Sen. Murkowski makes case for nuclear reactors
One of Alaska's U.S. senators has put her support behind nuclear energy, saying the nation needs more advanced reactors.
This week, the Washington Examiner published an op-ed written by Sen. Lisa Murkowski, making a case for boosting the nuclear energy industry in the United States to grow the economy, strengthen national security, and mitigate climate change.
"We are losing a major source of clean, always-on energy at a time when U.S. electricity needs are forecast to grow 29 percent by 2040,” Murkowski wrote. “Russia, China, and South Korea have now surpassed us, and state-owned corporations are undercutting the United States in both price and time to market.”
Murkowski, the chair of the Senate Energy and Natural Resources Committee, recently co-sponsored legislation to renew America’s nuclear power leadership.
S. 3422, the Nuclear Energy Leadership Act (NELA) will enable the federal government to partner with industry and research institutions to help boost nuclear energy innovation.
According to the committee, advanced nuclear reactors offer great promise in the search for clean, safe, and reliable power sources to meet national and global demand.
Much of Alaska’s nuclear past is intertwined with its history as a strategic front in the nation’s Cold War-era defense.
In the late 1950s, the U.S. Atomic Energy Commission’s proposed Project Chariot would have gouged a deep-water harbor out of Alaska’s coastline near Cape Thompson using a nuclear blast.
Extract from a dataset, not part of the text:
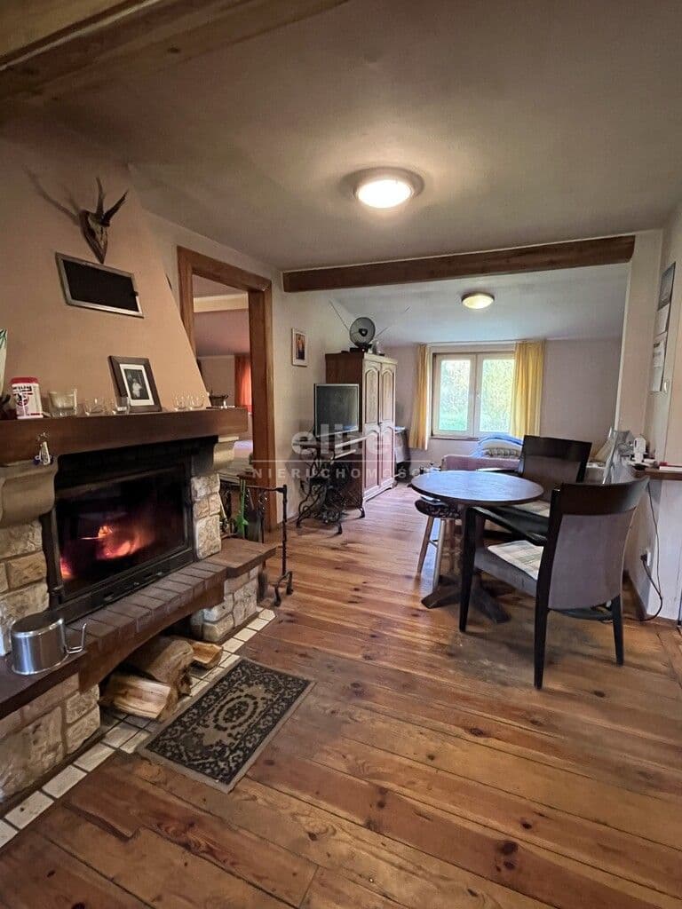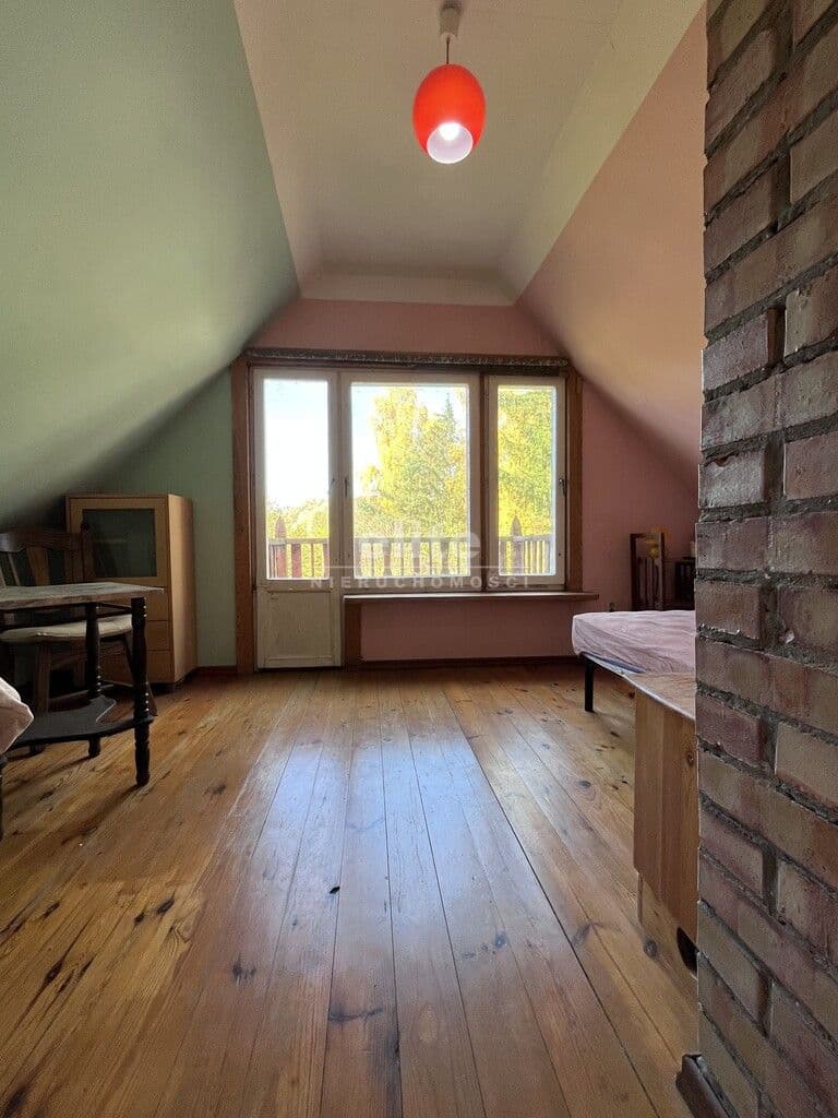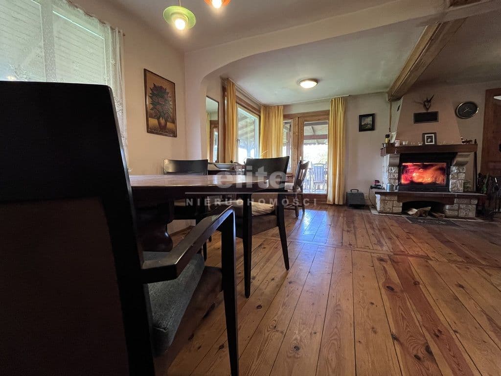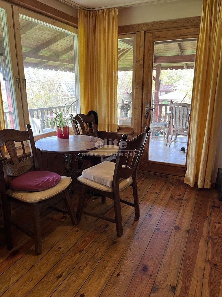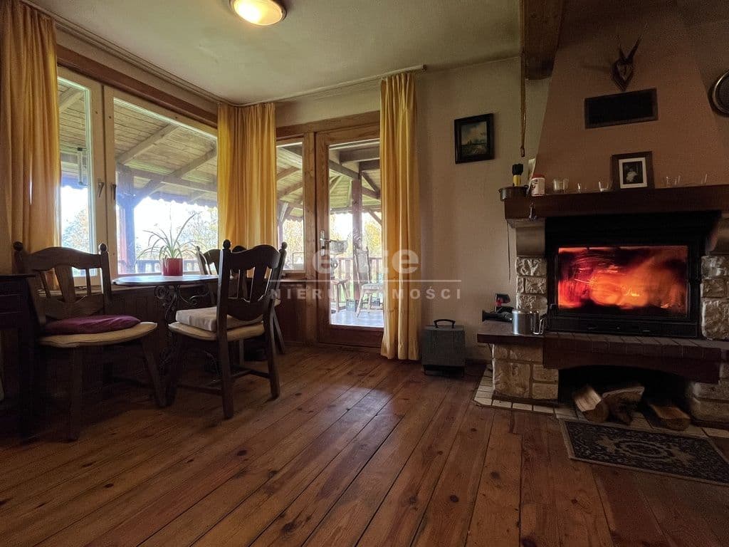 - Drewniany dom całoroczny o dwóch kondygnacjach, w pełni wyposażony i podpiwniczony: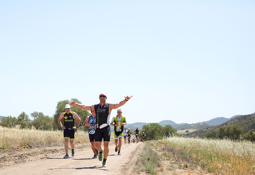 The Wildflower Long Course Triathlon is an iconic event in the sport. Many triathletes proclaim it to be the best triathlon in the United States. Since 1983 the event has hosted most of the biggest names in the sport. It starts with a 1.2 mile swim in the lake at 65-68 F. The bike course is a 56 mile ride through the hills, valleys, and fields of wildflowers. The rolling hills are hard on your legs and when you get to “Nasty Grade” (mile 40) makes them burn even more. The downhills will give you white knuckles until you get back to the park and the transition area. The run is 13.1 miles along the lake, creek and through the backcountry of Long Valley. It returns through the Redonda Vista and Lupine Meadows campgrounds. On San Antonio Dr. runners proceed down to the “Pit” (mile 10) then turn-around and head back to Lynch Road for the last leg wobbling downhill to the finish line. The weather plays a big part of the strategy as it is unpredictable from year to year.

The Nike Hercules surface-to-air missiles deployed near Anchorage from 1959 to 1979 also relied on tactical nuclear warheads intended to detonate amid groups of incoming Soviet bombers, according to the Nike Historical Society.
In 2003, Japanese company Toshiba and the city of Galena began discussing putting in a nuclear reactor power plant to provide to the island with power.
According to a Fairbanks News-Miner article, traditional nuclear power plants have more than 1,000 megawatts of electricity, more than Fairbanks and Anchorage use combined. Toshiba's plan to build a 10-megawatt reactor was stalled, however, and the company never began the U.S. Nuclear Regulatory Commission approval process.
The News-Miner reports that an Army Corps of Engineers team is planning on decommissioning the only nuclear power plant ever built in Alaska, Fort Greely’s SM-1A plant.